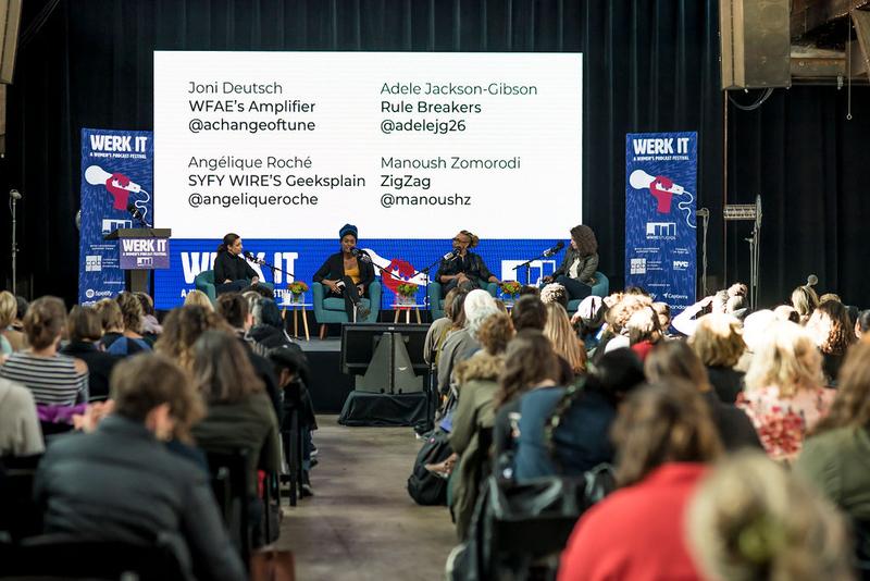 We have Adele Jackson-Gibson right there in the center. She's a Brooklyn-based writer, model, and actor passionate about sports so passionate in fact that she has co-host the Rule Breakers podcast where she interviews women making moves in the sports industry. Angelique Roche is right to my right. She is a graduate of George Washington University law school, been working in law and politics for a number of years. But rather than give you a very clean view of the law very good maybe boring side of it, she hosts podcasts like Geeksplain and Marvel’s Voices to show the intersection of pop culture, current events, and social justice. She is such a nerd really great to have her. And I say that because I am also a nerd. And for many that are fans of WNYC programming you may know of the voice and face of Manoush Zomorodi. She created and hosted the podcast Note to Self. Recently launched the amazing media company Stable Genius Productions and its first project which she hosts called Zigzag, which plots the changing course of cryptocurrency, the block chain, and women's lives. So thank you all so much for being here today. I guess to get started you know you all are in different fields and I'm wondering why did you choose podcasting to branch out in those genres and I want to start with Adele.
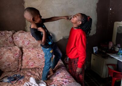 Tsholofelo Msimango y su hijo en su casa en Brakpan, cerca de Johannesburgo, en Sudáfrica. Imagen: TB Alliance / Jonathan Torgovnik
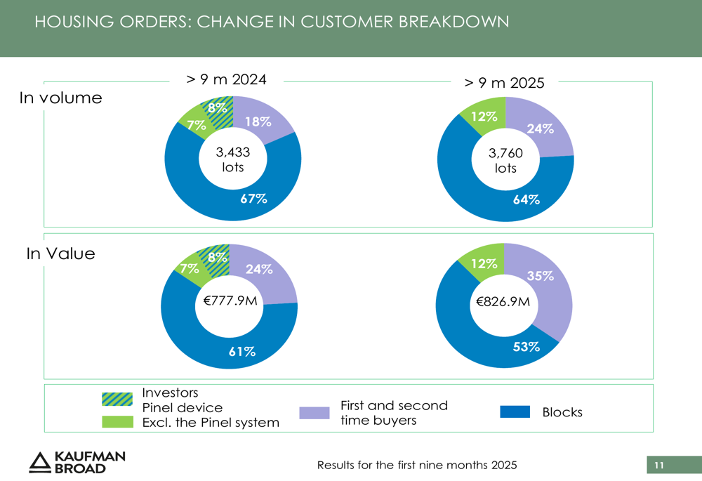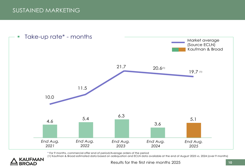 A Kaufman & Broad reportou pedidos de habitação de 3.760 unidades para os primeiros nove meses de 2025, representando um aumento de 9,5% em relação ao mesmo período de 2024. O valor desses pedidos subiu para €826,9 milhões, um aumento de 6,3% em relação ao ano anterior.
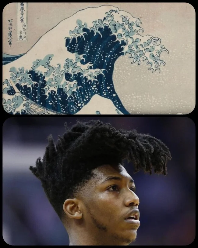 "The Great Wave of Kanagawa" or in this case a big wave on the head of an athlete
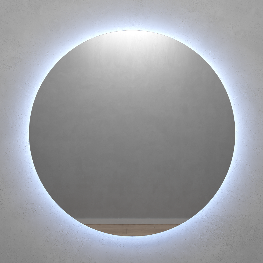 Безрамное зеркало круглой формы с контурной (тыльной) холодной подсветкой, свет 6000К. Подложка из высококачественного МДФ, светодиодная лента защищена матовым свето-рассеивателем от попадания пыли и влаги. Есть вывод 220W для подключения к сети, включение подсветки от выключателя на стене, либо от розетки.
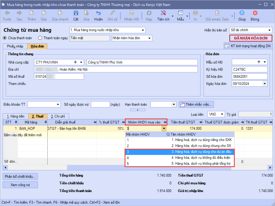 - Lưu ý về phân loại nhóm HHDV và thuế suất trên hóa đơn, chứng từ
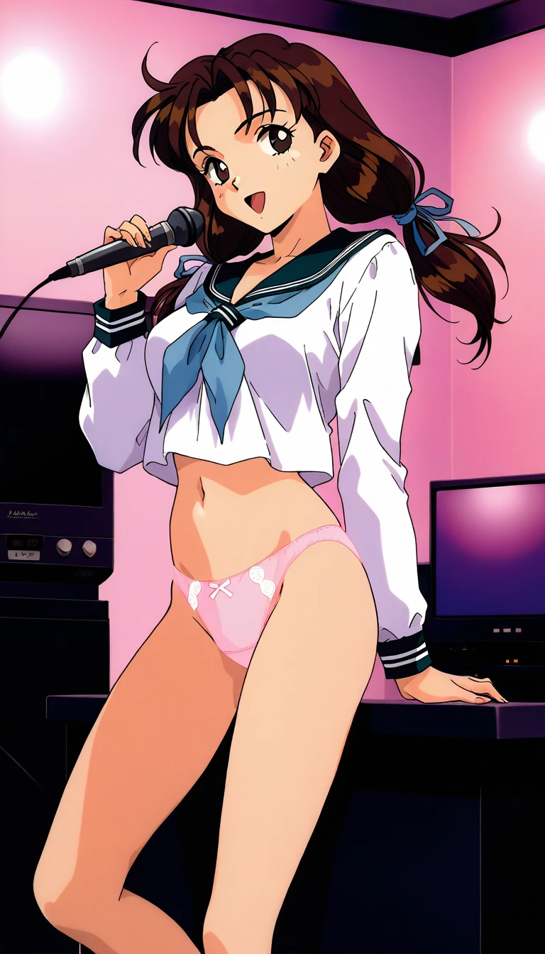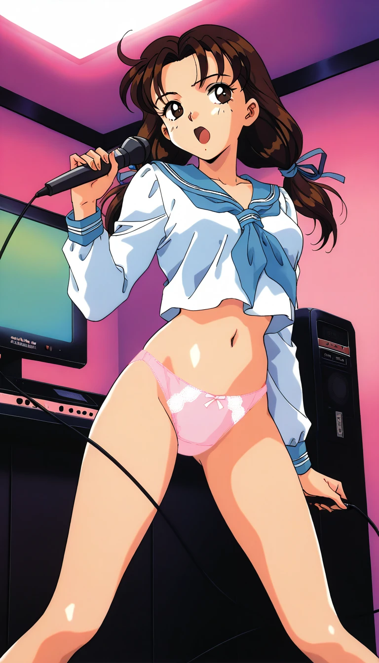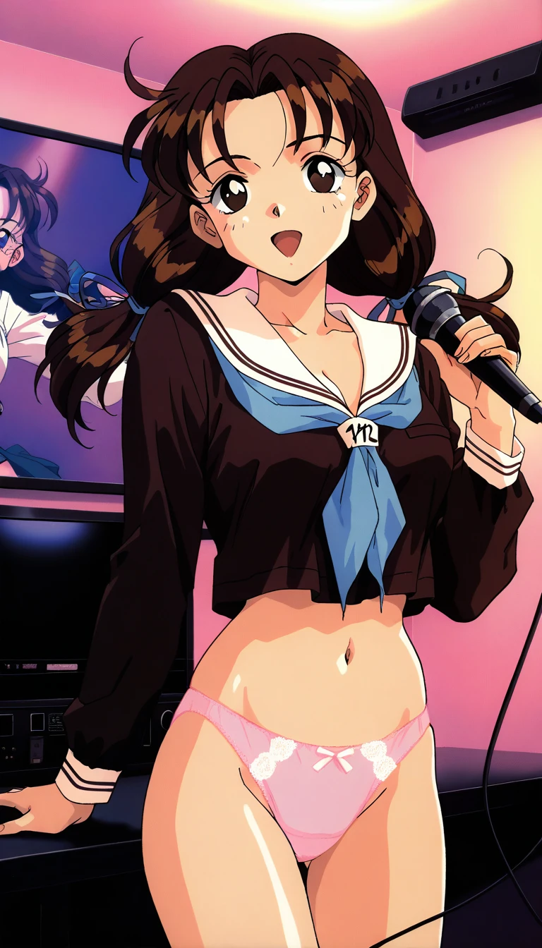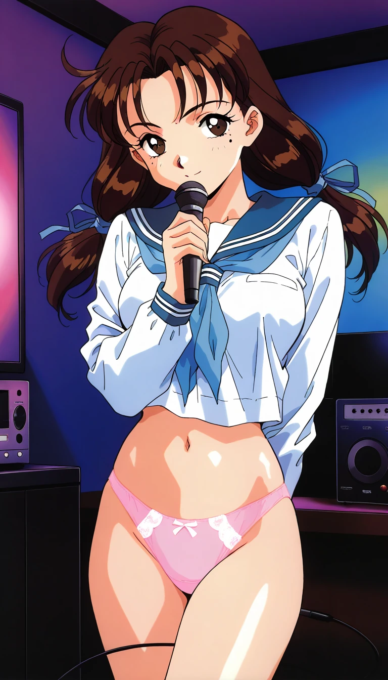 Minegishi_Kyouko, brown hair, ahoge, brown eyes, breasts, long hair, twintails, hair ribbon, blue ribbon, 1990s \(style\),anime coloring,
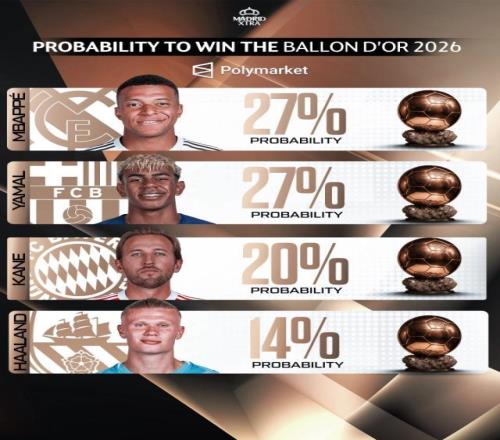02月04報道 相關機構近期更新了2026年金球獎的獲獎概率預測,目前姆巴佩與亞馬爾并列領跑,兩人獲獎概率均為27%,凱恩和哈蘭德則緊隨其后。
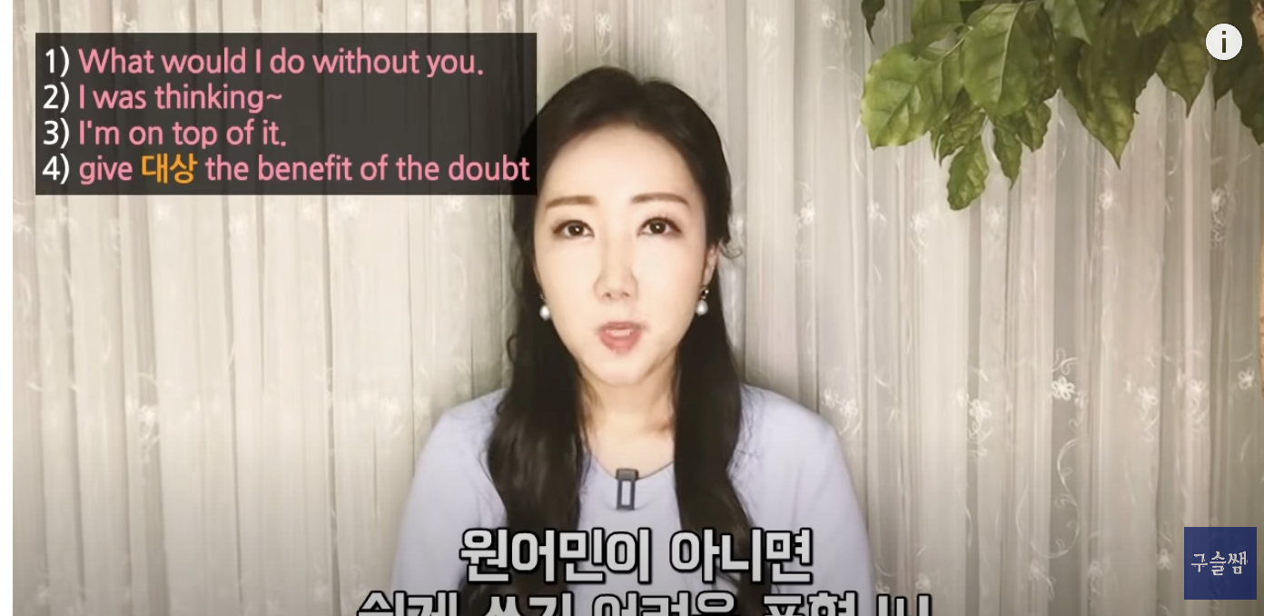 What would I do without you, I was thinking~, I am on top of it, give 대상 the benefit of the doubt.

▶ [Required work]: An exact restatement is expected of the lines from the line containing "of an athlete" to the end of the data above, pictures excluded.

▶ [Worked solution]:
 "The Great Wave of Kanagawa" or in this case a big wave on the head of an athlete
 Безрамное зеркало круглой формы с контурной (тыльной) холодной подсветкой, свет 6000К. Подложка из высококачественного МДФ, светодиодная лента защищена матовым свето-рассеивателем от попадания пыли и влаги. Есть вывод 220W для подключения к сети, включение подсветки от выключателя на стене, либо от розетки.
 - Lưu ý về phân loại nhóm HHDV và thuế suất trên hóa đơn, chứng từ
 Minegishi_Kyouko, brown hair, ahoge, brown eyes, breasts, long hair, twintails, hair ribbon, blue ribbon, 1990s \(style\),anime coloring,
02月04報道 相關機構近期更新了2026年金球獎的獲獎概率預測,目前姆巴佩與亞馬爾并列領跑,兩人獲獎概率均為27%,凱恩和哈蘭德則緊隨其后。
 What would I do without you, I was thinking~, I am on top of it, give 대상 the benefit of the doubt.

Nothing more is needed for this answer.